Does Canada have a problem with access to affordable housing? Apparently so, judging by the press coverage that accompanied the Conference Board of Canada`s recent report, "Building From the Ground Up: Enhancing Affordable Housing in Canada." "Some 67% of Metro Vancouver households struggle with the high cost of housing," the Vancouver Sun reported, in much the same vein as other media outlets.

But the Conference Board report itself -- just about everything but the executive summary and the recommendations-- tells a different tale.

The Conference Board report confirms that housing is "one of the most highly regulated and taxed goods" in the economy, and draws on research from Canada Mortgage and Housing Corporation (CMHC) showing that "government-imposed charges are a very significant cost component of any new construction project."

The report well documents and analyzes the roots of the housing affordability problem in Canada.
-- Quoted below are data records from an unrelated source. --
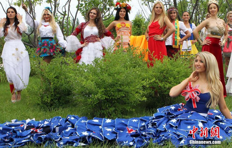 100 contestants from Germany, Russia, Australia, Argentina, Kazakhstan, Slovakia, Mongolia and China participate in the beauty contest held in Panjin, Liaoning province on July 22. (CNS/ Qian Xingfa)
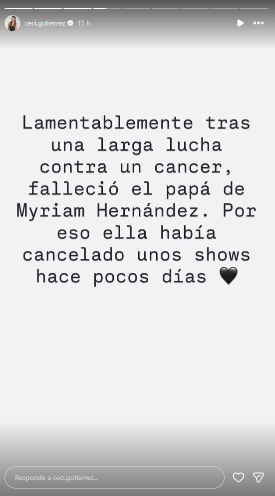 “Lamentablemente, tras una larga lucha contra un cáncer, falleció el papá de Myriam Hernández. Por eso ella había cancelado unos shows hace pocos días”, señaló.
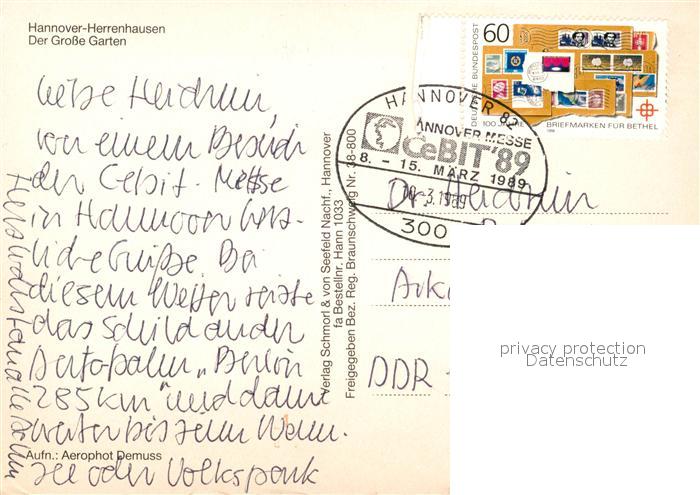 73128438 alte Postkarte Herrenhausen Hannover Fliegeraufnahme Grosse Garten postalisch gelaufen Erhaltung siehe scans [NatalD47] KatCode: 11110003241001
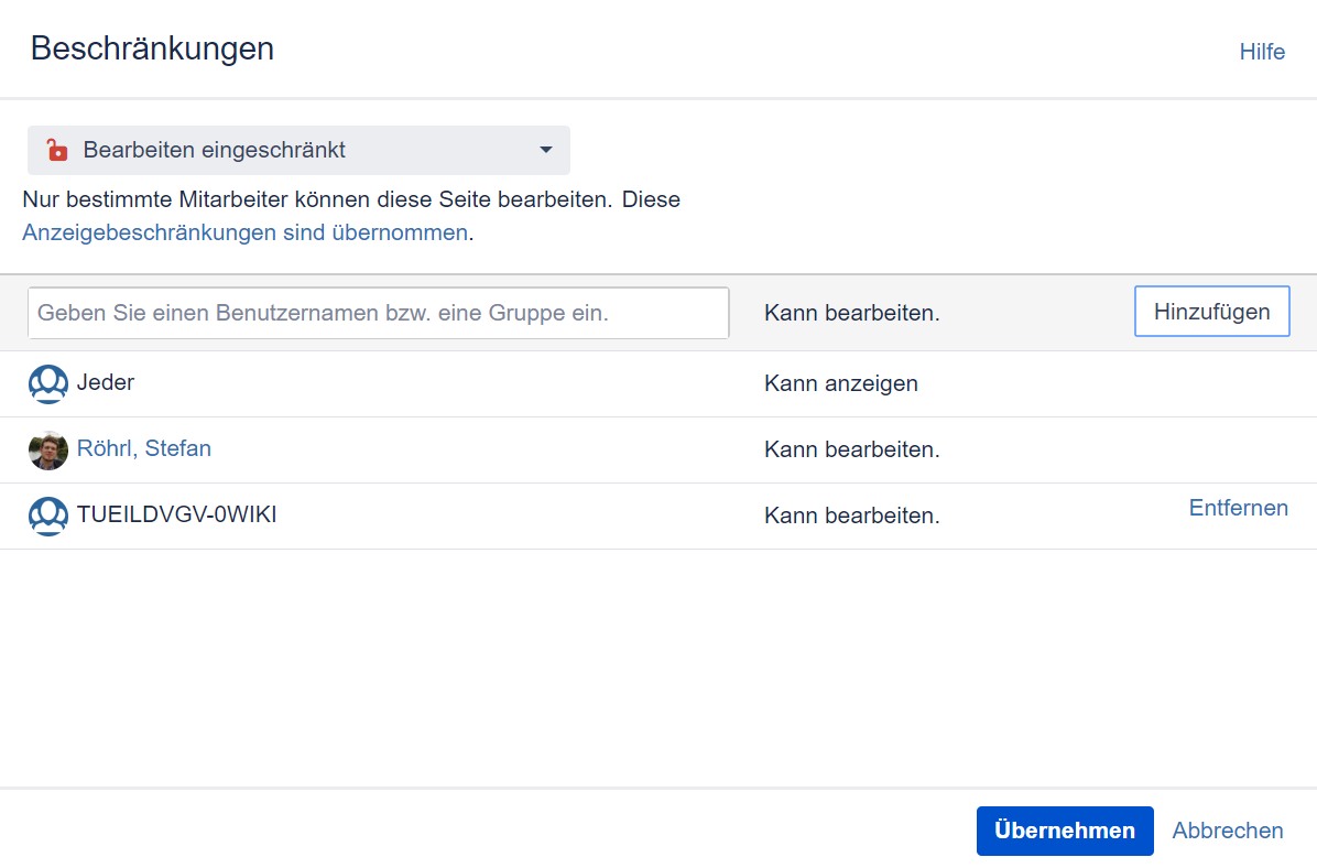 Rechte für den gesamten Wiki-Bereich (Berechigungen)
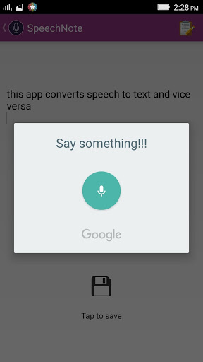 Itu dibuat untuk semua, aplikasi universal yang dapat melayani kepada orang-orang dari semua kelompok umur.Mengkonversi dikte ke dalam teks dan bahkan dapat membaca teks ke dalam bentuk audio. Ini dapat memudahkan pekerjaan siswa, pebisnis, profesional.Ini memberikan pekerjaan cerdas atas kerja keras.
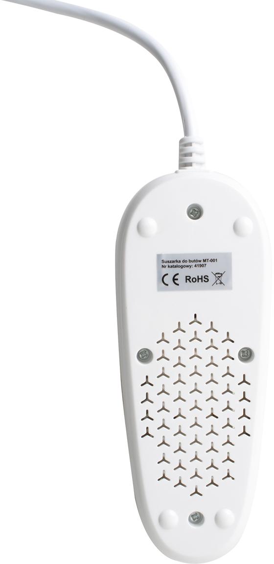 - Bardzo niski koszt użytkowania suszarki – pobór prądu suszarki do butów Miton MT-001 wynosi zaledwie 10W.
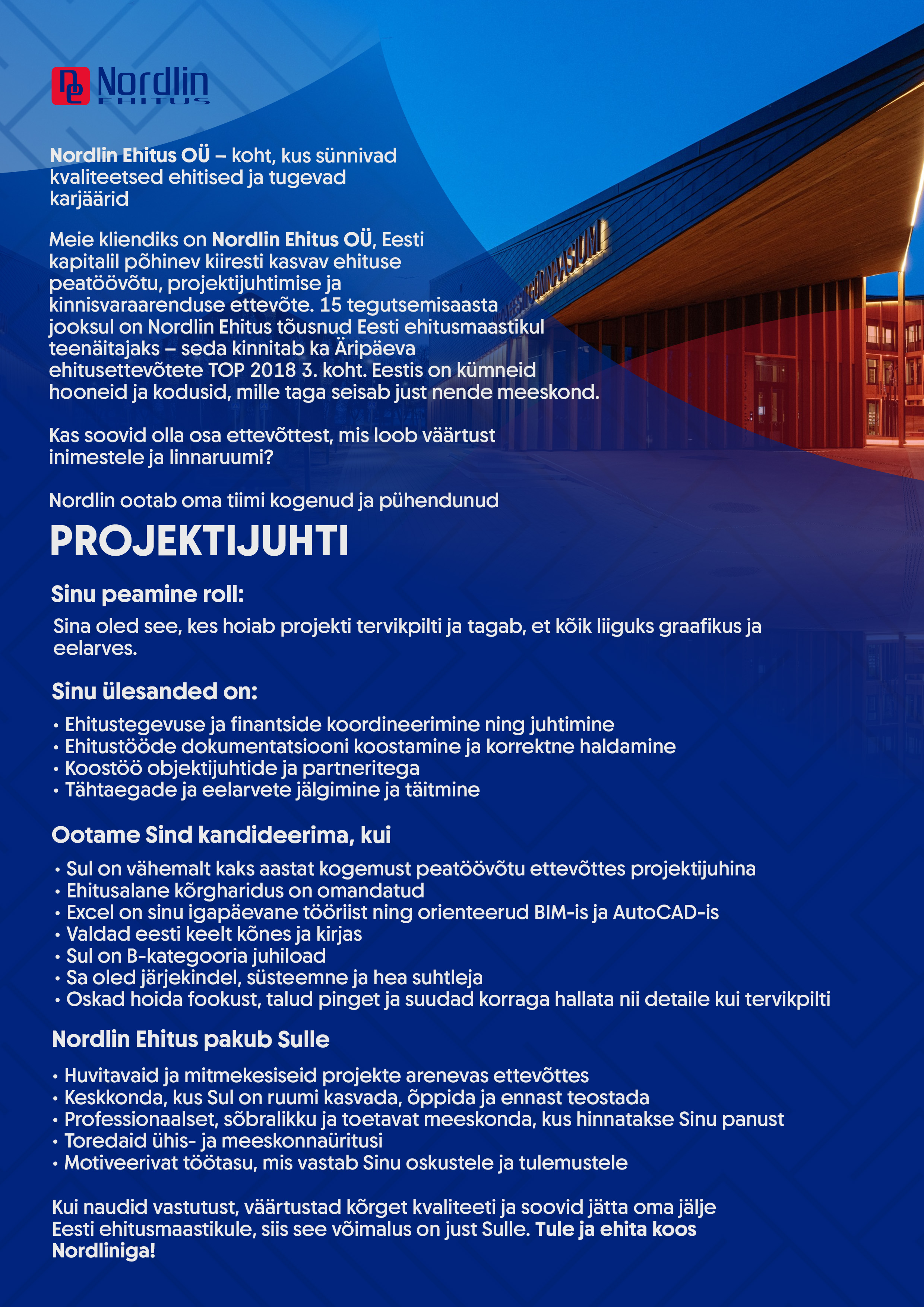 Nordlin ootab oma tiimi kogenud ja pühendunud PROJEKTIJUHTI või OBJEKTIJUHTI kes soovib areneda projektijuhiks.
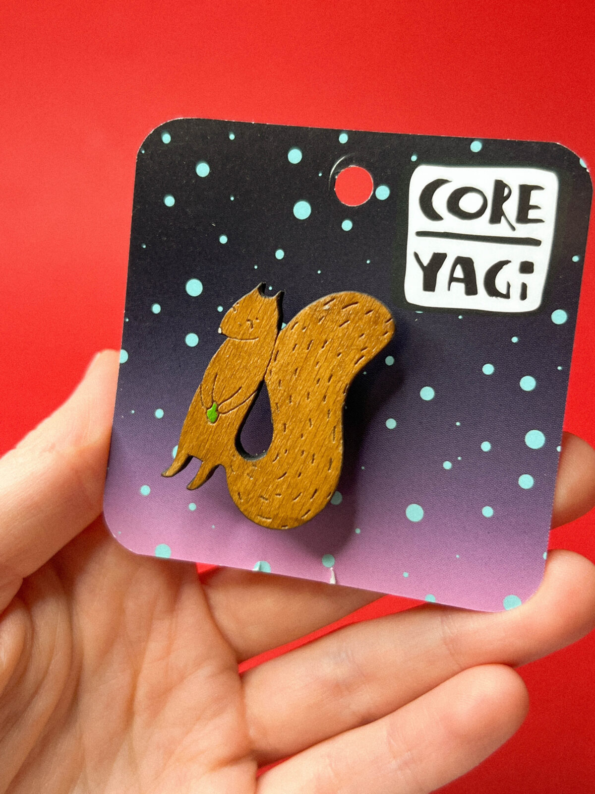 Материал: дерево, ручная роспись, акриловые краски, лак, металлическая застежка‑булавка.
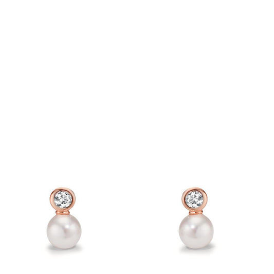 Orecchini a bottone Argento Zirconia 2 pietra rosa dorato [shining Pearls], 2 Perla, 5 mm
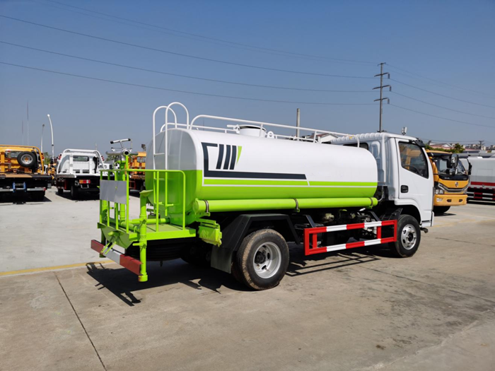 改裝配置:罐體用優(yōu)質(zhì)碳鋼材料,罐內(nèi)隔板具有防波作用,以減低汽車行駛時罐體液體的沖擊。水罐實(shí)際容積5.1方,整車帶一個專用灑水泵(垂直最大吸程6米),灑水寬度14米,射程28米。多功能灑水車配備2個前沖(噴)(能將路面泥巴、塵土、垃圾沖干凈);2個后灑(能均勻地將水灑在路面,一次灑水寬度14米)、2個側(cè)噴(花灑)(能均勻地將路旁綠化帶澆灌)、帶1個后工作平臺,平臺上安裝1個綠化灑水高炮(灑水炮可全方位旋轉(zhuǎn),可連續(xù)調(diào)成直沖狀、大雨、小雨、毛毛雨,霧狀可調(diào)節(jié)沖洗高大樹木),引水時間<5min,流量90m3/h。帶1個消防接頭,帶1個自流閥,1個過濾裝置、人性化爬梯及側(cè)防護(hù)欄,安裝灑水音樂喇叭。

It shows clearly that the private sector does an excellent job of delivering housing to the vast majority of Canadians, but that generally-high shelter construction costs, primarily linked to government policies and taxes, have left some proportion of Canadians in housing need. The analysis and recommendations are pretty clear: What should governments do? "Move away from micromanaging individual projects." Why? Because existing government approaches to homelessness and affordable housing have been inefficient, ineffective or "stymied by gridlock among the various layers of government."

Read the full article here.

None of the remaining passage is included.